• Exercise brief
Only one stretch of the data below is needed. Output the lines from the one with "Пинцетом аккуратно захватите" up to and including the one with "Raccoglitore ad anelli", exactly as they stand.

• Data to use
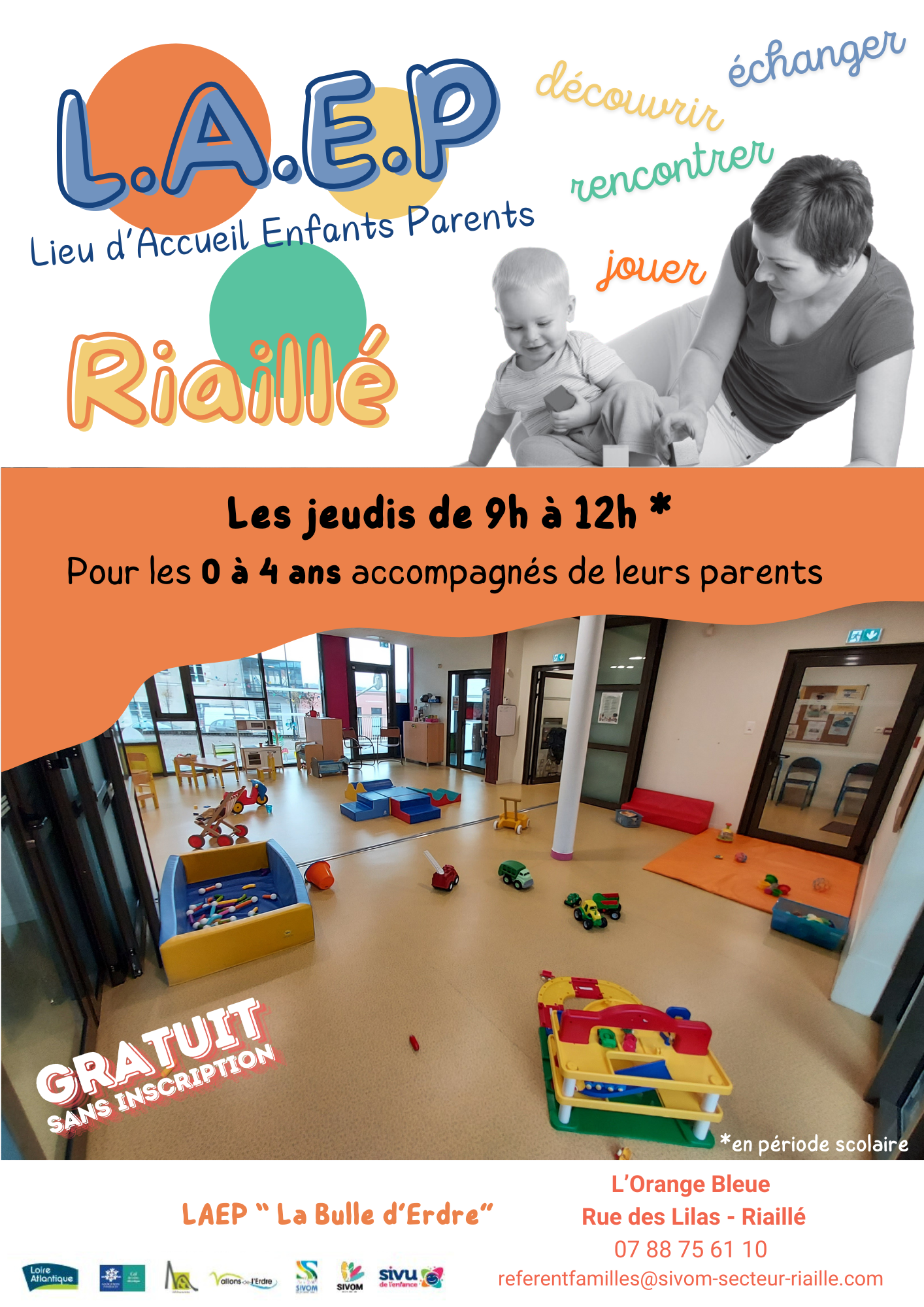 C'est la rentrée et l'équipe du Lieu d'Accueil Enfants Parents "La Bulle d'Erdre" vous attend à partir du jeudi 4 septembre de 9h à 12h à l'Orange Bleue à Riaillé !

--

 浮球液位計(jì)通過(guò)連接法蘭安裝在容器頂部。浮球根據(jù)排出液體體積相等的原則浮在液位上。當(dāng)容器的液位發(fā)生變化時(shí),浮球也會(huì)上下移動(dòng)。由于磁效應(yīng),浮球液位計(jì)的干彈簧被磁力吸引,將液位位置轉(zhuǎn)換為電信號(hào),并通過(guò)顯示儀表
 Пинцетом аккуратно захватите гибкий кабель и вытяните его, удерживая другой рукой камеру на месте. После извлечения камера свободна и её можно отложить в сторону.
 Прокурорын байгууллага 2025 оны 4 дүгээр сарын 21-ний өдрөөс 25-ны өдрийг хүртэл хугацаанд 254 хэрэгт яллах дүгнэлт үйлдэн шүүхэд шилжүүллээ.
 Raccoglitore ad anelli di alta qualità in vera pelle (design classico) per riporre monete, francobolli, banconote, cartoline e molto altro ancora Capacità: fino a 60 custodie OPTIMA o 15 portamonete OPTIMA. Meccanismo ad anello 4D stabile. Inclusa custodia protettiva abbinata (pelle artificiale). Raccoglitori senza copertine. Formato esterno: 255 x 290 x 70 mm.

• Result for this exercise
 Пинцетом аккуратно захватите гибкий кабель и вытяните его, удерживая другой рукой камеру на месте. После извлечения камера свободна и её можно отложить в сторону.
 Прокурорын байгууллага 2025 оны 4 дүгээр сарын 21-ний өдрөөс 25-ны өдрийг хүртэл хугацаанд 254 хэрэгт яллах дүгнэлт үйлдэн шүүхэд шилжүүллээ.
 Raccoglitore ad anelli di alta qualità in vera pelle (design classico) per riporre monete, francobolli, banconote, cartoline e molto altro ancora Capacità: fino a 60 custodie OPTIMA o 15 portamonete OPTIMA. Meccanismo ad anello 4D stabile. Inclusa custodia protettiva abbinata (pelle artificiale). Raccoglitori senza copertine. Formato esterno: 255 x 290 x 70 mm.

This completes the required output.